We can see that punctuation is preserved (e.g. “wasn’t” and “armour-like“), which is nice. We can also see that end of sentence punctuation is kept with the last word (e.g. “thought.”), which is not great.

**`Select Words`**\
Another approach might be to use the regex model (re) and split the document into words by selecting for strings of alphanumeric characters (a-z, A-Z, 0-9 and ‘_’).

In [3]:

# load text
filename = 'metamorphosis_clean.txt'
file = open(filename, 'rt')
text = file.read()
file.close()
# split based on words only
import re
words = re.split(r'\W+', text)
print(words[:100])

['One', 'morning', 'when', 'Gregor', 'Samsa', 'woke', 'from', 'troubled', 'dreams', 'he', 'found', 'himself', 'transformed', 'in', 'his', 'bed', 'into', 'a', 'horrible', 'vermin', 'He', 'lay', 'on', 'his', 'armour', 'like', 'back', 'and', 'if', 'he', 'lifted', 'his', 'head', 'a', 'little', 'he', 'could', 'see', 'his', 'brown', 'belly', 'slightly', 'domed', 'and', 'divided', 'by', 'arches', 'into', 'stiff', 'sections', 'The', 'bedding', 'was', 'hardly', 'able', 'to', 'cover', 'it', 'and', 'seemed', 'ready', 'to', 'slide', 'off', 'any', 'moment', 'His', 'many', 'legs', 'pitifully', 'thin', 'compared', 'with', 'the', 'size', 'of', 'the', 'rest', 'of', 'him', 'waved', 'about', 'helplessly', 'as', 'he', 'looked', 'What', 's', 'happened', 'to', 'me', 'he', 'thought', 'It', 'wasn', 't', 'a', 'dream', 'His', 'room']

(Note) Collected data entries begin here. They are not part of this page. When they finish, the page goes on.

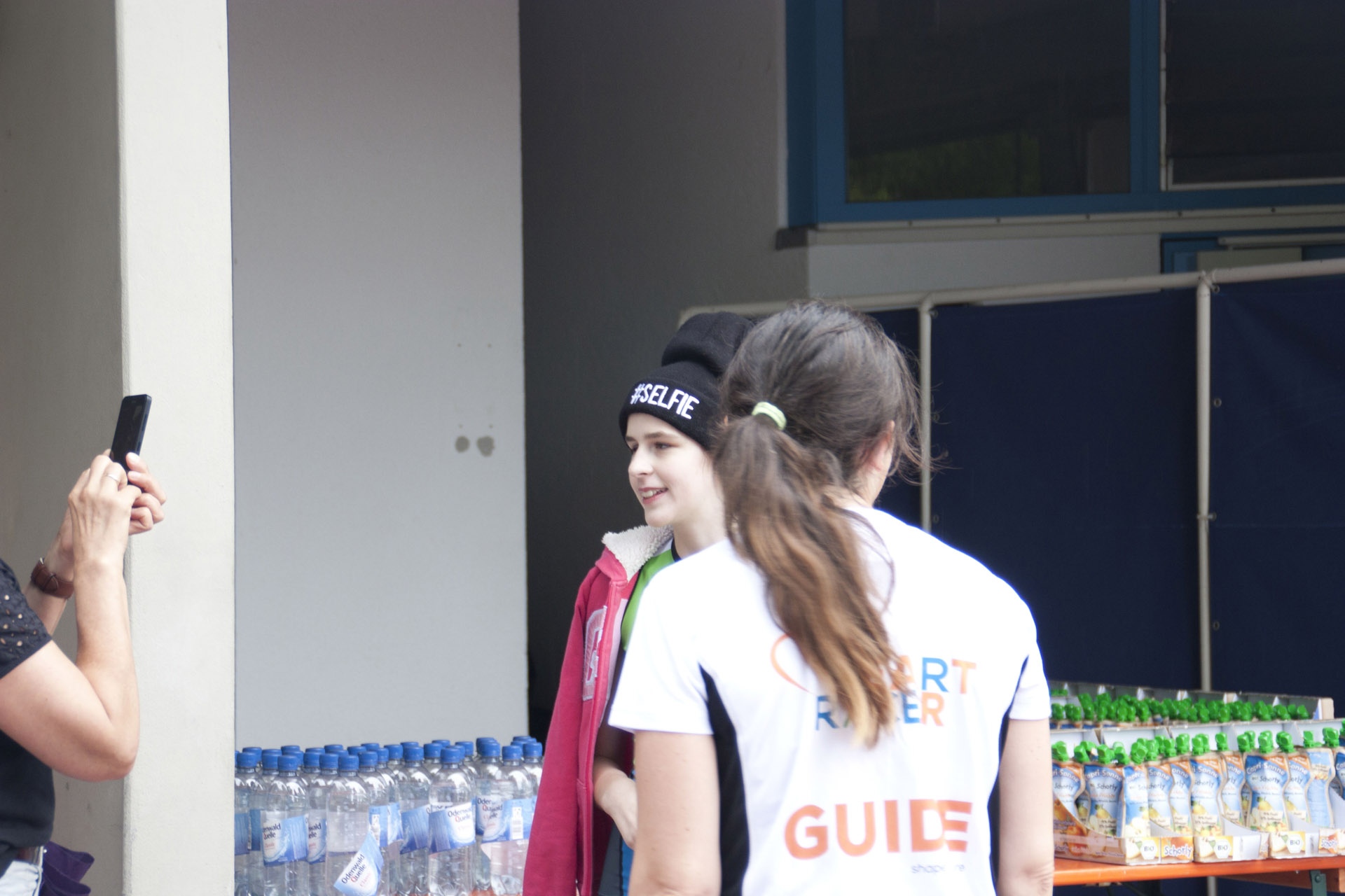 13.30 Uhr: Alles ist eingerichtet, Sophie und Kerstin gehen mit ihren Guides zur Abschlussbesprechung. Die beiden starten in der Startklasse Schüler A, zusammen mit 45 weiteren Teilnehmern. Hier werden nochmal alle Regeln erklärt, wie zum Beispiel, das man erst bei der Linie auf dem Boden aufs Rad steigen darf und dort auch wieder absteigen muss. Danach gingen die Jungs an den Start, zehn Minuten später waren die Mädels dran. Sophie und Kerstin hatten also noch Zeit, sich mit ihren Guides aufzuwärmen. Die Guides sind Erwachsene, die gerne Sport machen und ehrenamtlich die blinden und sehbehinderten Kinder und Jugendliche auf ihren Wettkämpfen und im Training begleiten. Um 14.00 Uhr ertönte dann das Startsignal für die Mädels und die Teilnehmerinnen, die auf acht verschiedenen Bahnen unterwegs waren, gaben ordentlich Gas. 100 Meter standen ihnen nun im Wasser bevor. Es war zwar ziemlich kalt, aber der Triathlonanzug ist gleichzeitig ein Kälteschutz und so merkte man fast gar nichts von der Temperatur, nur wenn man den Kopf ins Wasser legte, konnte man sie im Gesicht spüren. Die Guides liefen am Beckenrand entlang und gaben Anweisungen wie „weiter nach rechts“, „weiter nach links“, „Achtung, Gegenverkehr“, „weiter geradeaus“. Jedes Kind hat einen eigenen Guide, so muss man auch nicht immer nachfragen, wer gemeint ist, sondern muss sich lediglich die Stimme einprägen. Nach zweimal 50 Meter sprang man dann aus dem Wasser und rannte, entweder mit oder ohne Begleitung, in die Wechselzone. Dort musste man sich Schuhe (und evtl. Strümpfe) anziehen, den Helm aufsetzen, die Startnummer umhängen, sich am Rad festhalten und mit dem Rad bis zur Aufsteig- bzw. Absteiglinie rennen. Da war es natürlich gerade bei den Blinden wichtig, dass alles seine Ordnung hatte, damit man die Utensilien schnell fand und nicht erst minutenlang danach suchen musste. Auf Rädern bewegte man sich dann über eine Distanz von sechs Kilometern fort, die Schloss-Schüler saßen dabei mit je einem Guide, der ihnen dann die Augen lieh, zusammen auf einem Tandem. Da es sehr matschig war, spritzte es teilweise ziemlich heftig und man war am Ende total verdreckt. Nach dem Absteigen an der Linie, dem Abstellen des Rades und dem Abziehen des Helms ging es weiter auf die 1,4 Kilometer lange Laufstrecke. Dabei nahmen die Seheingeschränkten ein Laufband zur Hilfe, wo am einen Ende der Schüler und am anderen Ende der Guide anfasste. So konnte der Guide den Schüler besser lenken und sich trotzdem gut dem Tempo anpassen. Nach 28 Minuten hatte Sophie es dann geschafft, Kerstin brauchte rund 34,5 Minuten, um das Ziel zu erreichen – freudig rissen sie die Arme hoch und nahmen ihr Finisher-Shirt entgegen, das jeder Teilnehmer, der ins Ziel kommt, erhält. Für Kerstin war dies etwas sehr Besonderes, sie hatte das erste Mal einen ganzen Triathlon absolviert, davor hatte sie nur in einer Staffel teilgenommen. Aber auch alle anderen, die schon öfter dabei waren, war es, wie bei jedem Wettkampf, etwas ganz Besonderes. Hoffentlich können wir nächstes Jahr wieder mitmachen – aber bitte ohne 40°C Außentemperatur …
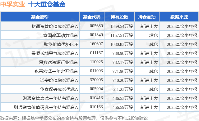 重仓中孚实业的前十大公募基金请见下表:
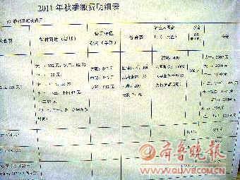 30日上午,记者在这家幼儿园看到,园门外贴了一份“2011年秋季缴费明细表”。根据明细表,小一新生入园需缴纳12184元,包括管理费、代办费、保育费等基本费用,还有伙食费、被褥费、教材费、必学特色费、综合费以及教育委托费等(下图)。
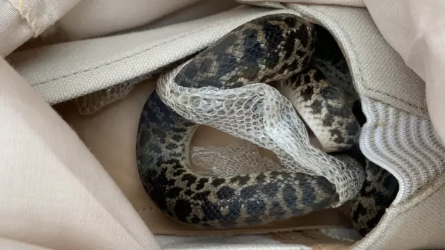 Пані Бокселл знайшла змію - разом зі шкірою, яку та почала скидати - у власному черевику, коли почала розпаковувати речі вдома.
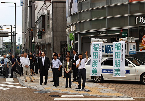 愛媛が選ぶのは、たったひとり。山本順三候補を再度国政に送り出すべく、全力の訴えが市内に響く。
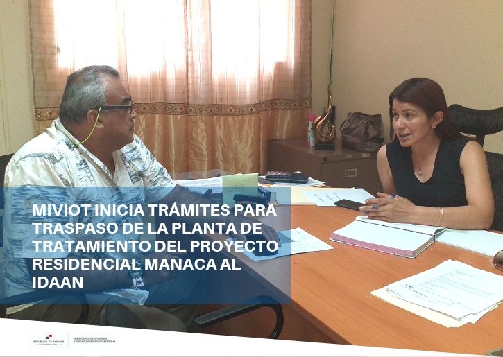 La directora del Ministerio de Vivienda y Ordenamiento Territorial (Miviot) en Chiriquí, Doris Atencio se reunió con el ingeniero Guillermo Ardila, encargado de la sección operativa y sanitaria del Instituto de Acueductos y Alcantarillados Nacionales (Idaan) en la provincia, para coordinar las acciones que permitan traspasar las dos plantas de tratamientos del proyecto Residencial Manaca a manos de esta institución.

Again, running the example we can see that we get our list of words. This time, we can see that “armour-like” is now two words “armour” and “like” (fine) but contractions like “What’s” is also two words “What” and “s” (not great).

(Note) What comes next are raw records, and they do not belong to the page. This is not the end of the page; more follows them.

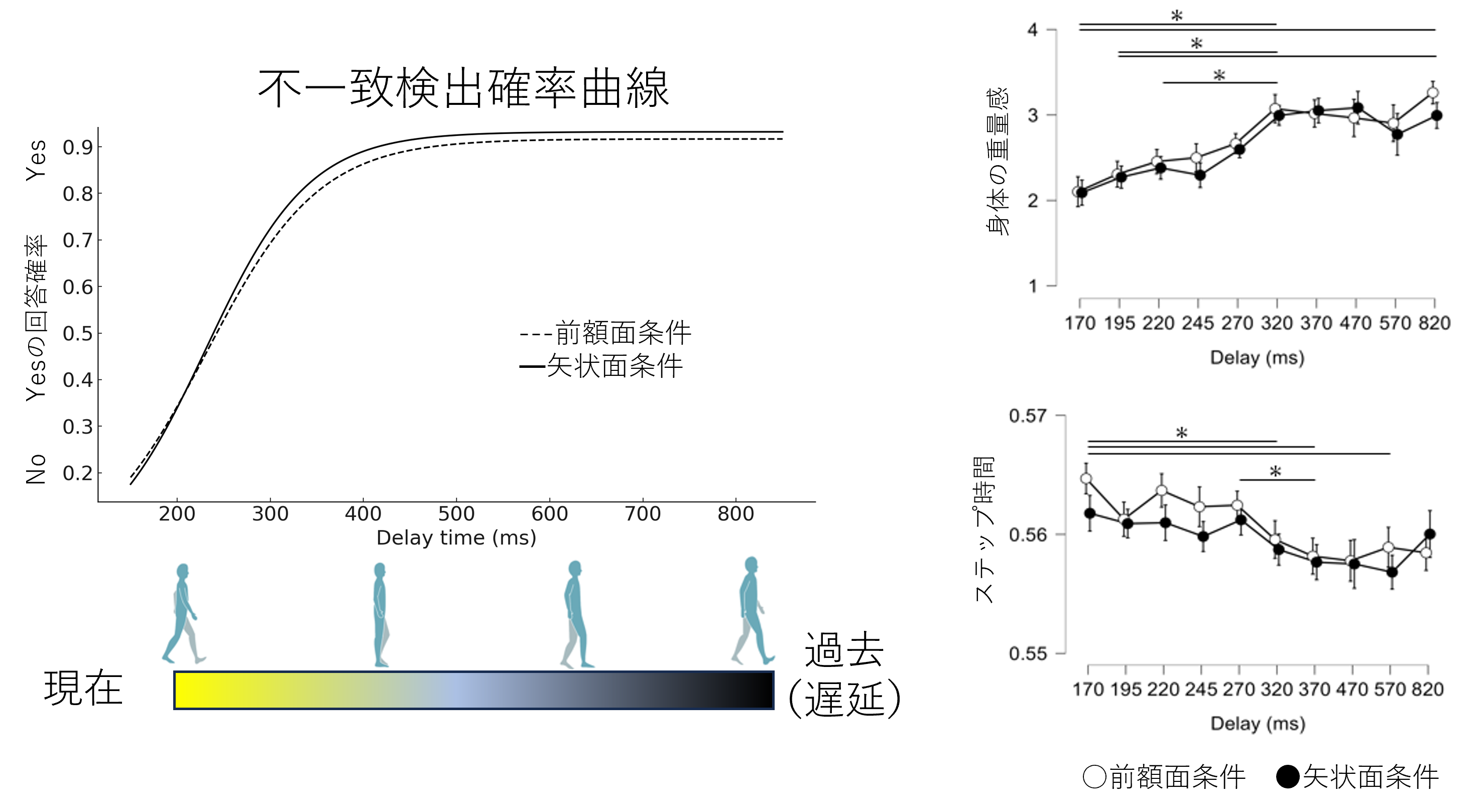 左:不一致(遅延)検出確率曲線を表す.遅延時間の増加に伴い,遅延判断(Yes)の回答確率が上昇していることがわかる.右上:遅延時間増加に伴う身体重量感の変化を表す(7段階評価).右下:遅延時間増加に伴うステップ時間の変化を表す. *p<0.05
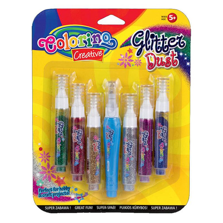 Zestaw 6 brokatów w tubach z łatwym aplikatorem oraz bezbarwny klej do utrwalenia pracy.
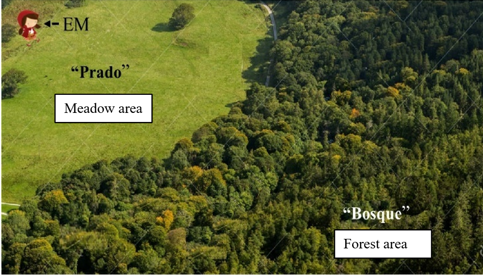 Little Red Riding Hood is going to visit her grandmother and decides to go through the forest, not knowing that the wolf is lurking there for her. Your job is to find Little Red Riding Hood and save her from the wolf. A message will appear on the screen stating that Little Red Riding Hood has stopped somewhere in the forest, so you must place the mouse cursor and click where you think she is. If you have any questions, this is the time for you to ask them because once the session has started, the researcher will not be able to talk to you. To start press "CONTINUE".
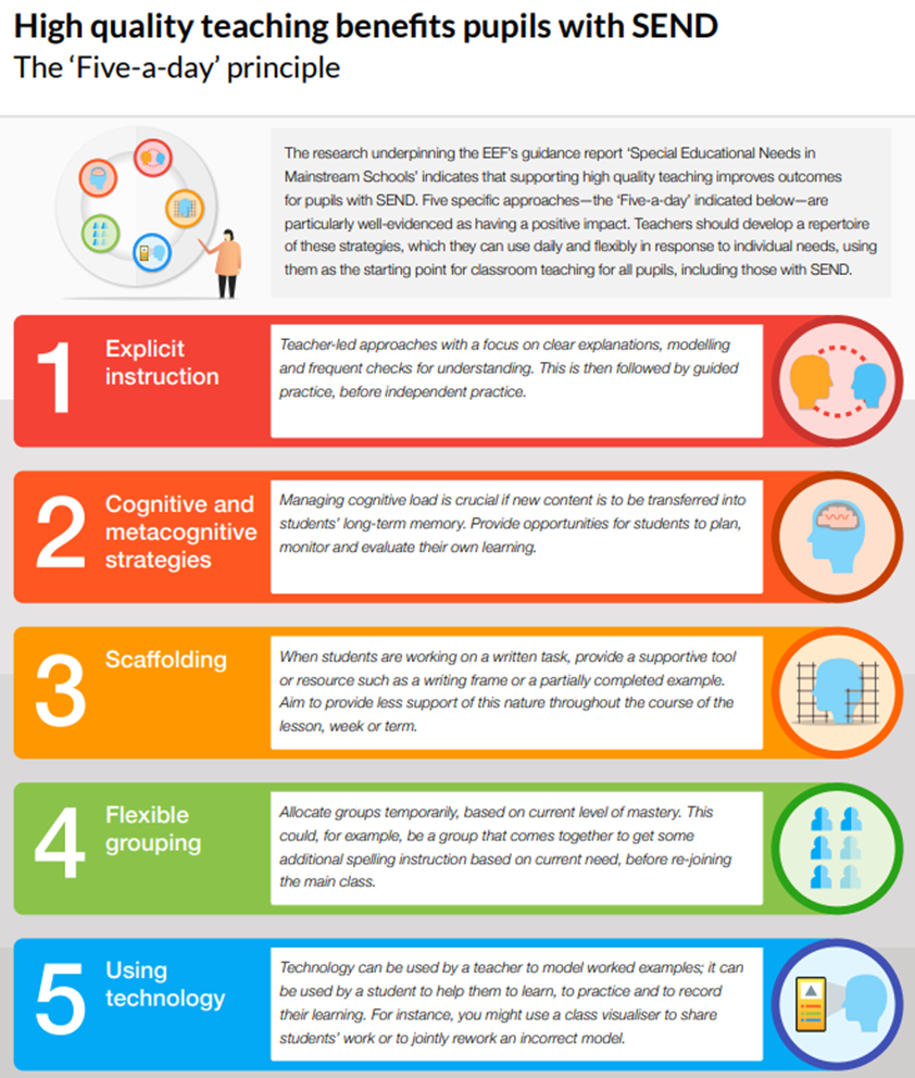 Top down teaching – one lesson purpose for all – appropriately scaffolded – use of ‘I, We, You’ model |

**`Split by Whitespace and Remove Punctuation`**\
Python provides a constant called string.punctuation that provides a great list of punctuation characters. For example:
```python
>>> print(string.punctuation)
'!"#$%&\'()*+,-./:;<=>?@[\\]^_`{|}~'\

Python offers a function called `translate()` that will map one set of characters to another.

We can use the function `maketrans()` to create a mapping table. We can create an empty mapping table, but the third argument of this function allows us to list all of the characters to remove during the translation process. For example:

```python
table = str.maketrans('', '', string.punctuation)
>>> print(table)
```

In [4]:

# load text
filename = 'metamorphosis_clean.txt'
file = open(filename, 'rt')
text = file.read()
file.close()
# split into words by white space
words = text.split()
# remove punctuation from each word
import string
table = str.maketrans('', '', string.punctuation)
stripped = [w.translate(table) for w in words]
print(stripped[:100])

['One', 'morning', 'when', 'Gregor', 'Samsa', 'woke', 'from', 'troubled', 'dreams', 'he', 'found', 'himself', 'transformed', 'in', 'his', 'bed', 'into', 'a', 'horrible', 'vermin', 'He', 'lay', 'on', 'his', 'armourlike', 'back', 'and', 'if', 'he', 'lifted', 'his', 'head', 'a', 'little', 'he', 'could', 'see', 'his', 'brown', 'belly', 'slightly', 'domed', 'and', 'divided', 'by', 'arches', 'into', 'stiff', 'sections', 'The', 'bedding', 'was', 'hardly', 'able', 'to', 'cover', 'it', 'and', 'seemed', 'ready', 'to', 'slide', 'off', 'any', 'moment', 'His', 'many', 'legs', 'pitifully', 'thin', 'compared', 'with', 'the', 'size', 'of', 'the', 'rest', 'of', 'him', 'waved', 'about', 'helplessly', 'as', 'he', 'looked', 'Whats', 'happened', 'to', 'me', 'he', 'thought', 'It', 'wasnt', 'a', 'dream', 'His', 'room', 'a', 'proper', 'human']


We can see that this has had the desired effect, mostly.

Contractions like “What’s” have become “Whats” but “armour-like” has become “armourlike“.